Jonah Rowen is a Ph.D. candidate at the Columbia GSAPP, where he is writing a dissertation on the technics of architectural fire preemption, protection, and suppression across the British Atlantic from the late eighteenth through the nineteenth century. His research interests include histories of construction, materials, representation, and labor.

Session 2
Title: Approaches to Francophone Postcolonial Sound Studies
Presenter: Renée Altergott (Doctoral Candidate, Princeton University, French and Italian)
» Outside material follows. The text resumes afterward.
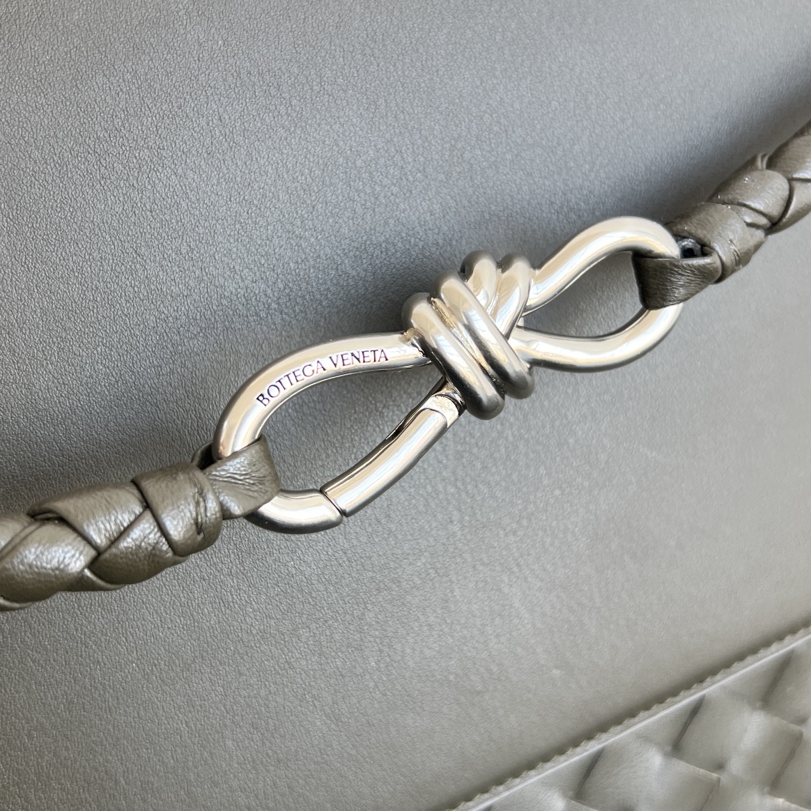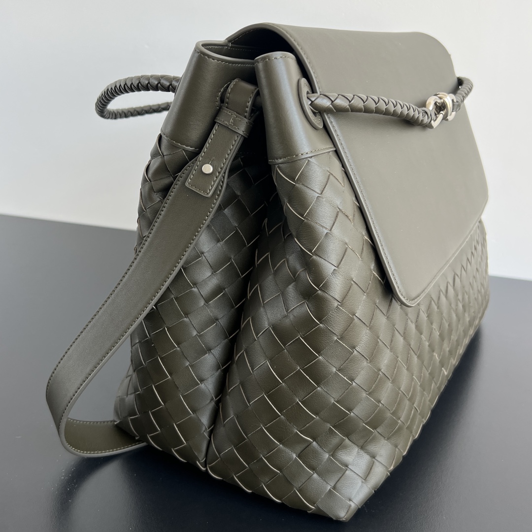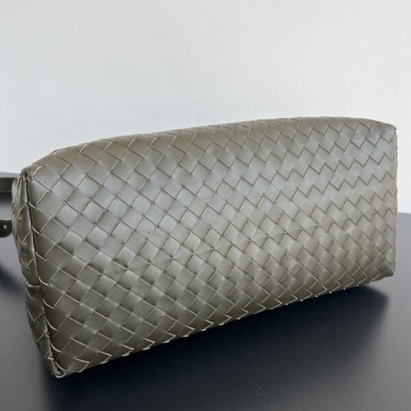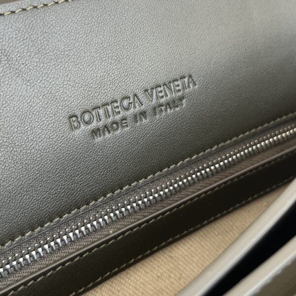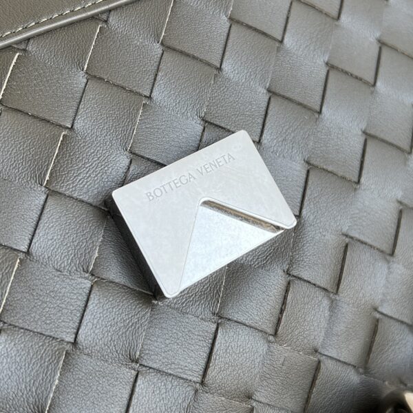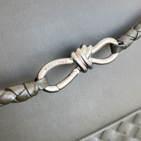 고급 소가죽의 미세한 광택과 자연스러운 질감이 돋보이며, 인트레치아토(직조) 디자인이 독특한 멋을 더합니다.

My thesis seeks to address a critical lacuna in scholarship on the French history of sound recording, namely the fact that the birth of sound recording in France directly coincides with the Scramble for Africa, a period of renewed colonial ambition that would eventually culminate in the Exposition Coloniale of 1931. My research investigates the earliest traces of the recording industry in the former French colonial empire, in order to demonstrate how we might bring this material history and its imperial rhetoric to bear on more abstract, sonic paradigms of thought. Conversely, focused case studies on Algeria and Martinique reveal that it is not only possible, but necessary, to rethink key concepts in postcolonial literary theory through the lens of sound studies.

Renée Altergott holds a B.A. in French and Music Composition from Northwestern University, and a Masters in French Literature from the Université de Paris Diderot (VII). Her dissertation explores the relationship between the history of sound recording and colonialism in French-language literature of the 19th and 20th centuries.